As far as informing ongoing design decisions is concerned,
- that’s definitely the case for
  - qualitative and
  - predictive
- evaluation.
- I’ve left it unmarked for empirical evaluation simply because we usually do this towards the end of our design life cycle, although we also know that the design life cycle never really ends.
- So eventually, empirical evaluation could be used to inform ongoing design decisions.
- It’s just not involved in the earlier cycles though the design life cycle.
As far as investing the participant’s thought process, again,
- empirical evaluation doesn’t really do that.
  - It only accesses participants performance numerically.
- Qualitative evaluation definitely does this, because it actually asks users to think out lout and describe their thought process. And really,
- predictive evaluation tries to investigate the participant’s thought process, just in a lower overhead, or lower cost kind of way.
  - It does so by having experts in usability design simulate the participant’s thought process, and comment on it from the perspective of some preset heuristics.
  - Similar to how only empirical evaluation can identify provable advantages, it’s also the only one that can provide generalizable conclusions, again because it uses numbers.
And finally, qualitative and empirical evaluations both draw conclusions from actual participants.
- This is the inverse of predictive evaluations, lack of requirement for actual users.

3.6.23 - Exploring HCI: Evaluation

To succeed in HCI, you need a good evaluation plan.
In industries like healthcare and education, that is initially going to involve getting some time with experts outside the real contexts of the task.
That’s bringing doctors, bringing in nurses, bringing in patients, and exploring their thoughts and the prototypes that you’ve designed.
In some places like education, you might be able to evaluate with real users even before the interface is ready.
But in others like healthcare, the stakes are high enough that you’ll only want real users using the interface when you’re certain of its effectiveness and reliability.
In some emerging areas that we find in multiple questions in evaluation, take on virtual reality for example, most people you encounter haven’t used virtual reality before. There’s going to be a learning curve. How are you going to determine whether the learning curve is acceptable or not?

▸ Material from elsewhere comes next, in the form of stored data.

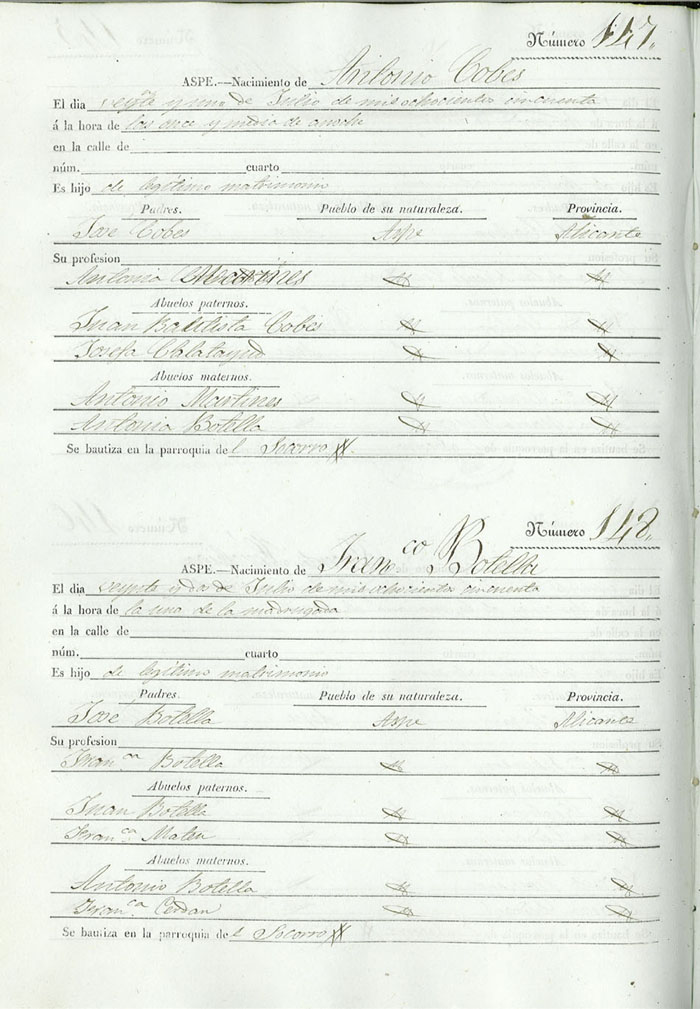 Registro civil de nacidos de la Villa de Aspe
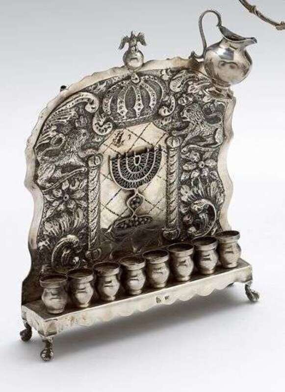 The backing displaying two lions flanking a central crown, an attached filigree menorah below with C-scrolls and florals to either side, raised on four ball and claw feet, the shamash in the form of a ewer. Spurious hallmarks to base.
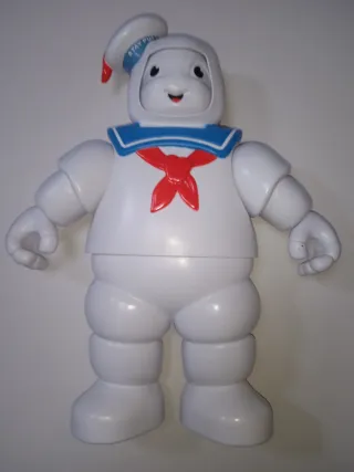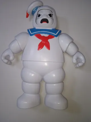 Figura del personaje Stay Puft de Cazafantasmas. - Diseño blanco. - Gorro azul y blanco con inscripción. - Pañuelo rojo al cuello. - Cuello azul. Muy poco usado. Se cambia la expresión de la cara pulsando en la cabeza.
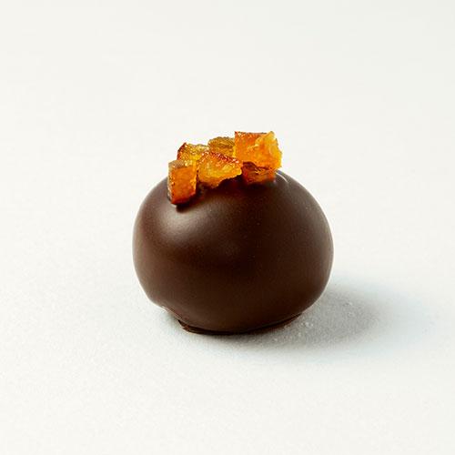 Massapà amb trossets de taronja, banyat amb xocolata negra i decorat amb taronja confitada.
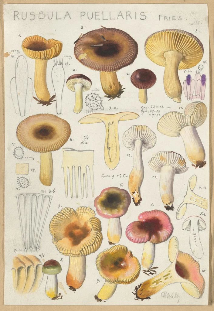 Russula puellaries, taidegrafiikka Hans Baldungin merkittävästä teoksesta, kuljettaa meidät maailmaan, jossa luonto ilmaisee koko rikkautensa. Tämä värikäs taidegrafiikka korostaa herkän sävyisiä sieniä, ympäröitynä rehevällä kasvillisuudella. Kompositio on harmoninen, jokainen elementti huolellisesti aseteltu luomaan elävän taideteoksen. Pastellivärit ja hienovaraiset varjostukset antavat teokselle pehmeän ja rauhoittavan tunnelman. Baldung onnistuu vangitsemaan luonnon ohikiitävän kauneuden, kutsuen meitä arvostamaan tämän salaperäisen maailman jokaista yksityiskohtaa.

If the user runs into difficulties, how can you tell if those come from your interface, or if they’re part of the fundamental VR learning experience?
So, take a moment to brainstorm your evaluation approach for your chosen application area. What kinds of evaluations would you choose, and why?

3.6.24 - Conclusion to Evaluation

In this lesson, we’ve discussed the basics of evaluation. Evaluation is a massive topic to cover though. You could take entire classes on evaluation. Heck, you could take entire classes only on specific types of evaluation. Our goal here has been to give you enough information to know what to look into further and when. We want you to understand when to use qualitative evaluation, when to use empirical evaluation, and when to use predictive evaluation. We want you to understand within those categories, what the different options are. That way, when you’re ready to begin evaluation, you know what you should look into doing.